1	Efficient techniques for streaming cross document coreference resolution Shrimpton, Luke William January 2017 (has links) Large text streams are commonplace; news organisations are constantly producing stories and people are constantly writing social media posts. These streams should be analysed in real-time so useful information can be extracted and acted upon instantly. When natural disasters occur people want to be informed, when companies announce new products financial institutions want to know and when celebrities do things their legions of fans want to feel involved. In all these examples people care about getting information in real-time (low latency).

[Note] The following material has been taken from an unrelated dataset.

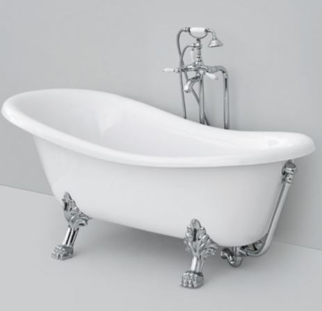 Partiamo proprio dalla vasca freestanding in ceramica bianca, con accessori cromati e piedini a zampa di leone, davvero caratteristici. La colonnina dei rubinetti esterna e il tubo di scarica a vista completano il design.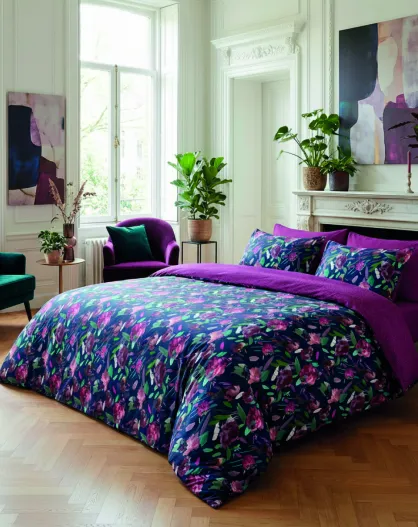 Drap plat satin de coton Arty flowers bleu foncé

These streams are massively varied, people’s interests are typically classified by the entities they are interested in. Organising a stream by the entity being referred to would help people extract the information useful to them. This is a difficult task: fans of ‘Captain America’ films will not want to be incorrectly told that ‘Chris Evans’ (the main actor) was appointed to host ‘Top Gear’ when it was a different ‘Chris Evans’. People who use local idiosyncrasies such as referring to their home county (‘Cornwall’) as ‘Kernow’ (the Cornish for ‘Cornwall’ that has entered the local lexicon) should not be forced to change their language when finding out information about their home. This thesis addresses a core problem for real-time entity-specific NLP: Streaming cross document coreference resolution (CDC), how to automatically identify all the entities mentioned in a stream in real-time. This thesis address two significant problems for streaming CDC: There is no representative dataset and existing systems consume more resources over time. A new technique to create datasets is introduced and it was applied to social media (Twitter) to create a large (6M mentions) and challenging new CDC dataset that contains a much more variend range of entities than typical newswire streams. Existing systems are not able to keep up with large data streams. This problem is addressed with a streaming CDC system that stores a constant sized set of mentions. New techniques to maintain the sample are introduced significantly out-performing existing ones maintaining 95% of the performance of a non-streaming system while only using 20% of the memory.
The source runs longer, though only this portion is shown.